The Telegraph reports that Lavrov is in the country to propose a plan to end the crisis and give Russia a diplomatic role in the country. "We confirmed our readiness to act for a rapid solution to the crisis based on the plan put forward by the Arab League," he said.
On Monday, the U.S. pulled their ambassador to Syria and shuttered their embassy in Damascus. Italy, Britain, and France have also removed their ambassadors from the country. And Tuesday, the Gulf Cooperation Council—a union of countries bordering the Persian Gulf—announced that they have recalled their ambassadors to Syria and will expel Syrian envoys from their countries, due to the country's rejection of "Arab attempts" to solve the crisis there, Reuters reports.

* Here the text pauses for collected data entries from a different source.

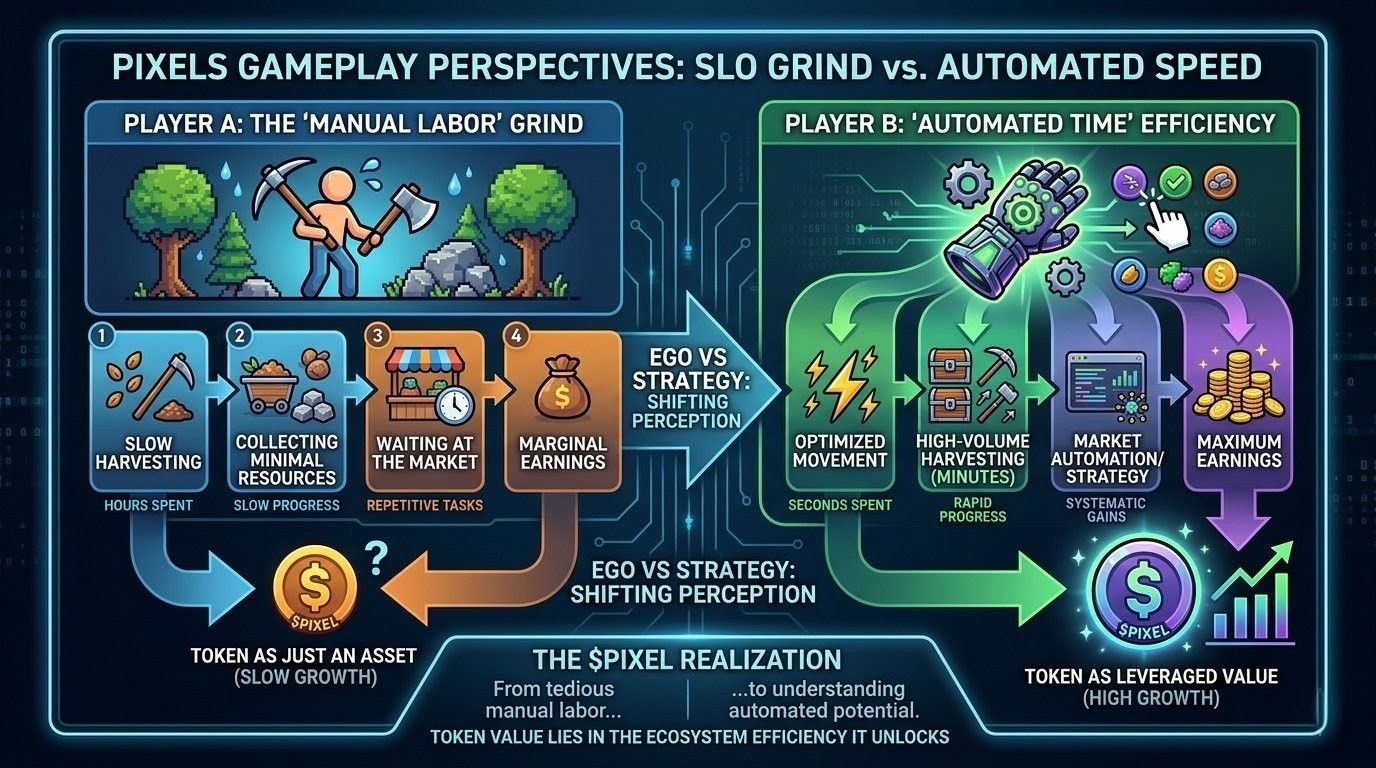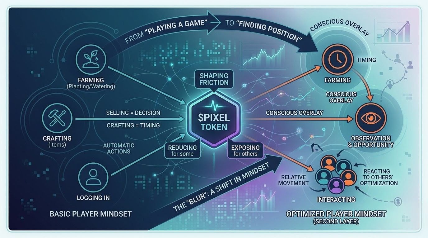 What makes it more interesting is that nothing in Pixels forces this mindset on you directly. It doesn’t demand attention it earns it slowly through observation. Through repetition. Through watching other players move differently inside the same constraints.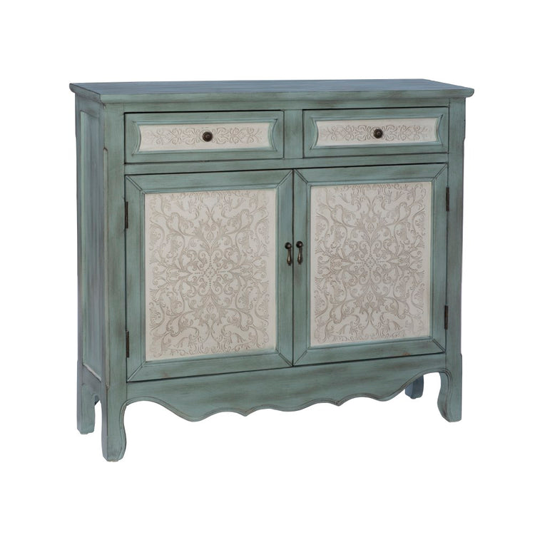 Powell Balfour 2-Door Console Table, 36inH x 40-1/4inW x 11inD, Blue/White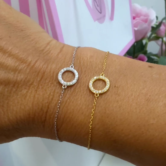 Elevate your everyday look with this elegant Open Circle Bracelet, symbolising unity and timeless style. Crafted from high-quality 925 sterling silver and available in a luxurious gold-plated finish, this delicate bracelet features a 10mm open circle charm adorned with sparkling Cubic Zirconia pavé stones for a touch of brilliance.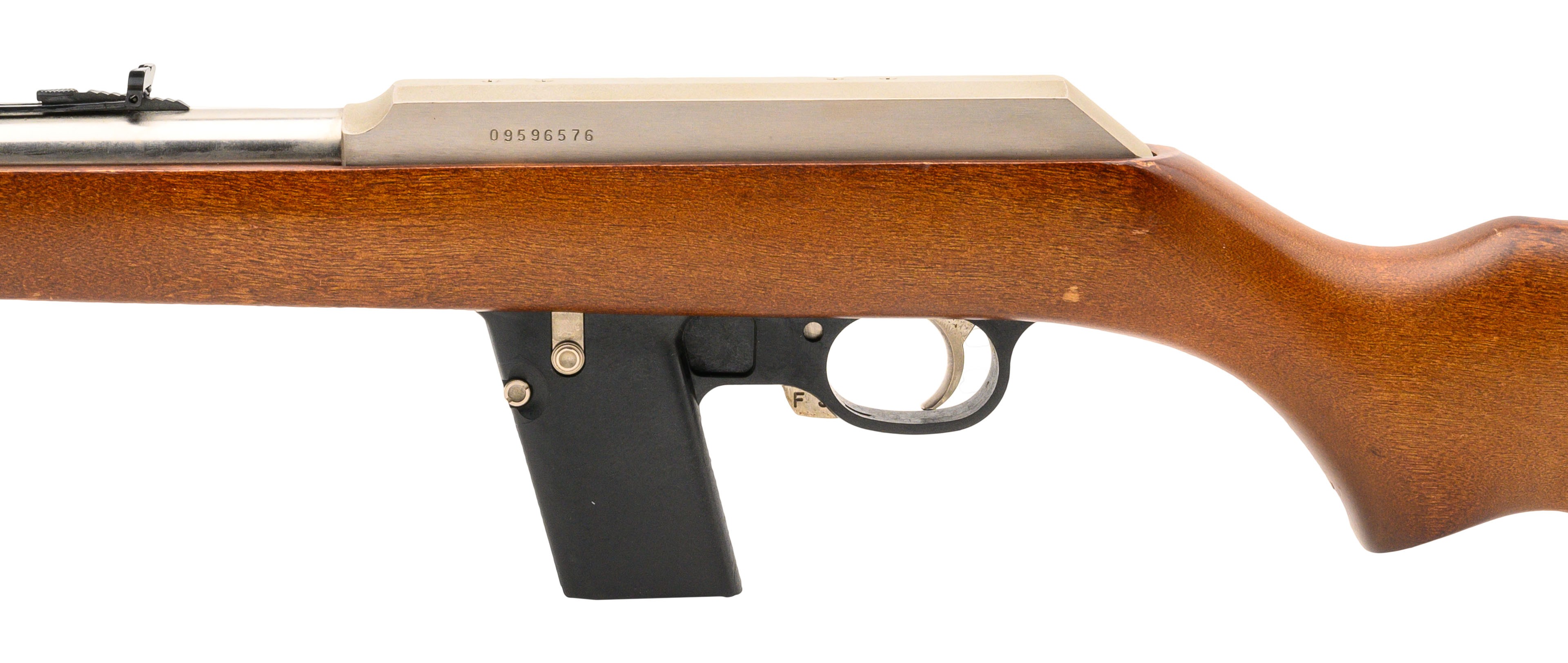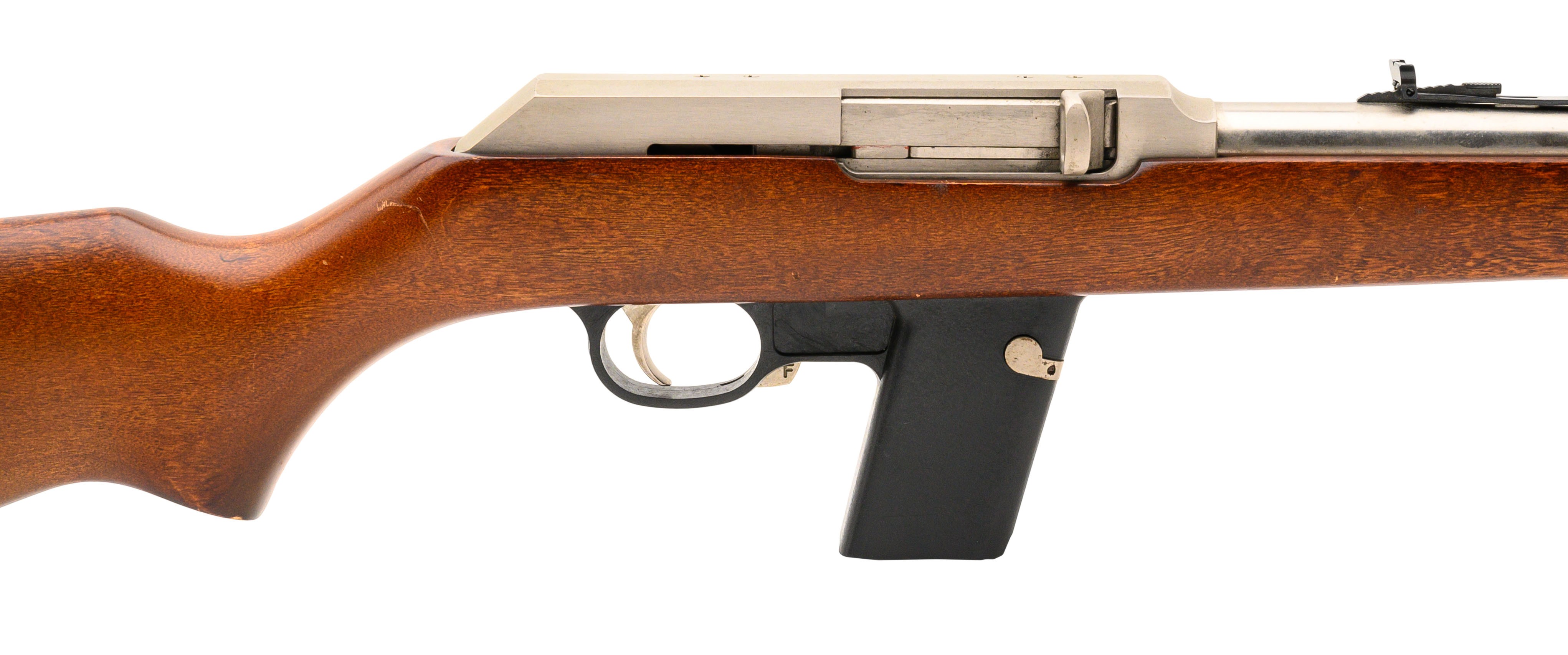 SN:09596576. Made in 1991. 9mm with a 16" barrel. Bore is in excellent condition. Ruger semi-automatic stainless steel rifle. Finish and wood stock are in very good condition. Rifle has adjustable rear sight. Overall condition is very good. (CONSIGNMENT)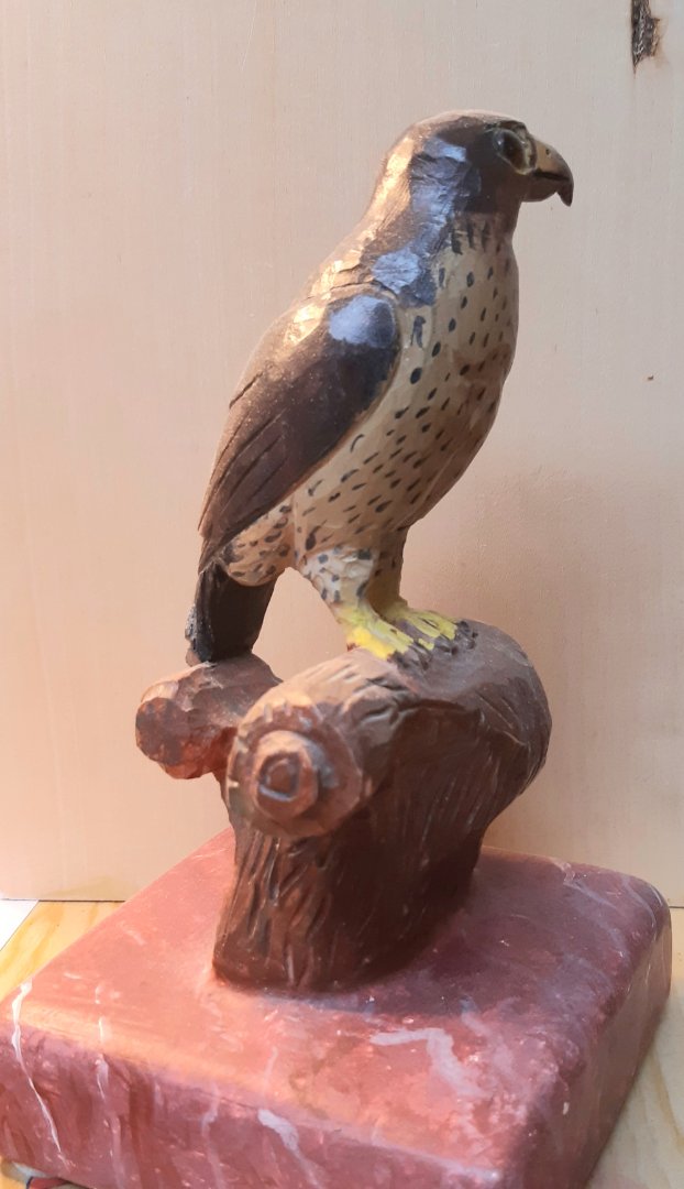 Die Anregung jetzt einen Vogel auf einem Ast zu schnitzen ist schon von mir umgesetzt worden. So einen Specht am Baumstamm habe ich schon im Regal stehen. Auch einen Wanderfalken habe ich aus dem vollen Holz schon hergestellt.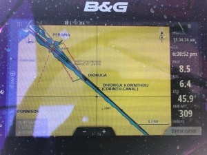 Y vamos a cruzar el canal de Corinto otra vez…después de hacer el papeleo y abonar los 160€ arrancamos.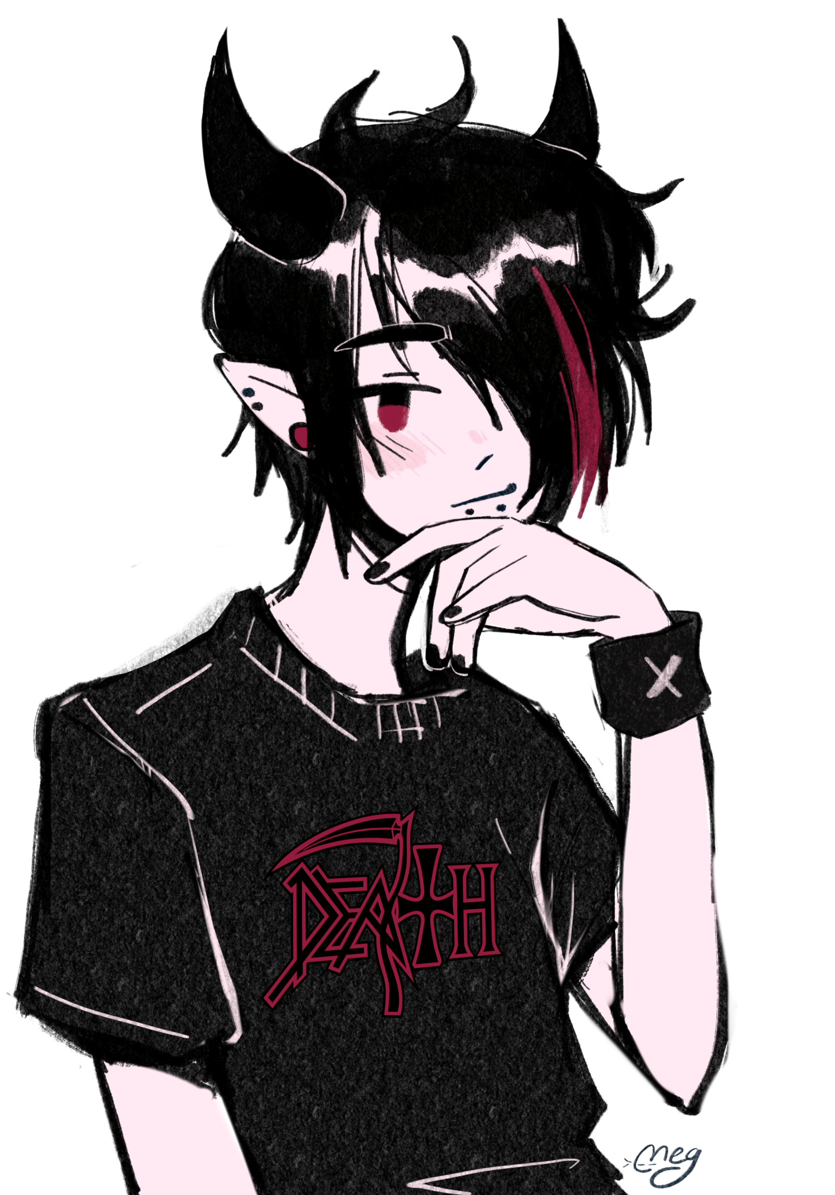 Has a red streak in his hair, large red gages in his ears, and snakebite piercings. Only wears black clothing often depicting a band or skater logo. Basically looks like he crawled out of a Hot Topic. Instrument of choice is a Warlock electric guitar.lighthearted and kind to everyone, marshall is a good friend. he works hard at his job at the local pub & plays hardcore metal/punk music in a semi-successful band.Marshall grew up in Heck with June as a close friend. He supports her streams and often joins in gaming sessions to provide comedic commentary

Meanwhile, Syrian forces continue to bombard the city of Homs, which saw most of Monday's 128 casualties, according to CNN. Hundreds have been killed in the city since the weekend. Some have accused Russia and China—the two countries vetoing last weekend's U.N. Security Council resolution—of encouraging Syria to step up attacks on Homs.
U.S. Ambassador Susan Rice warned after the U.N. vote that Russia and China “will have any future blood spill on their hands.” Lavrov, as the BBC notes, has dismissed the reaction to the veto as "hysteria."
Over 6,000 people have died in Syria as a result of the government's crackdown on protesters in the past 11 months, the U.N. estimates.
The BBC has a reporter in Homs. He says the attacks on the city are mortar and heavy machine-gun fire, and that Russian-made tanks have been spotted close to the city center. Russia is Syria's main arms supplier, and the Syrian city of Tartus holds Russia's only Mediterranean naval base.*
In other news concerning Syria today, two Syrians have been arrested for spying on Syrian opposition activists in Germany, the BBC reports.
*Correction: An earlier version of this post mistakenly reported that Russia's only naval base is in the city of Tartus. The Syrian city is home to Russia's only Mediterranean naval base.